--- Entries shown Enclosed Below ---
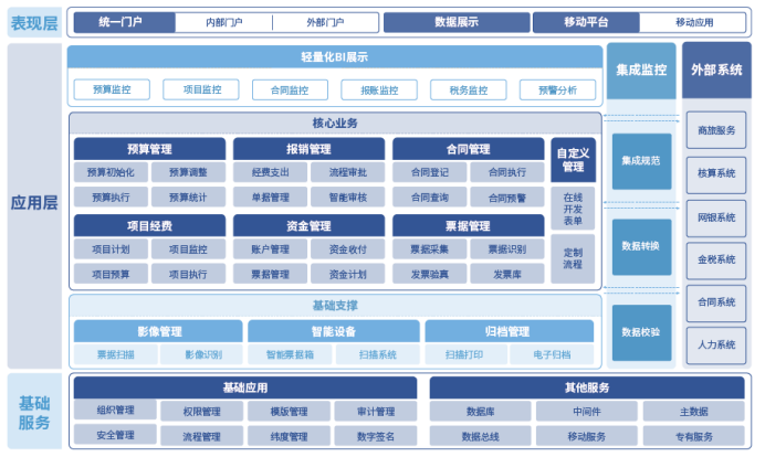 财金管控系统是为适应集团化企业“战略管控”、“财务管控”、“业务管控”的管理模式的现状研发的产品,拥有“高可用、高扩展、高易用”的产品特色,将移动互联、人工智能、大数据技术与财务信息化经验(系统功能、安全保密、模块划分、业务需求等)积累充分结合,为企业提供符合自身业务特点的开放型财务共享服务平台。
--- End of Enclosed Entries shown ---
--- Entries shown Enclosed Below ---
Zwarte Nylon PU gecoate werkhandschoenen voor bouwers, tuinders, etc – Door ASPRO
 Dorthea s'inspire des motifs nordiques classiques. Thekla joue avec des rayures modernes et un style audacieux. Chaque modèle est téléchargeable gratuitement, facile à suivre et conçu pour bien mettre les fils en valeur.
--- End of Enclosed Entries shown ---
Exercise objective
Given the records above, return exactly the lines starting at the line containing "Zwarte Nylon PU" and ending at the line containing "Dorthea s'inspire des", including both.

Exercise result
Zwarte Nylon PU gecoate werkhandschoenen voor bouwers, tuinders, etc – Door ASPRO
 Dorthea s'inspire des motifs nordiques classiques. Thekla joue avec des rayures modernes et un style audacieux. Chaque modèle est téléchargeable gratuitement, facile à suivre et conçu pour bien mettre les fils en valeur.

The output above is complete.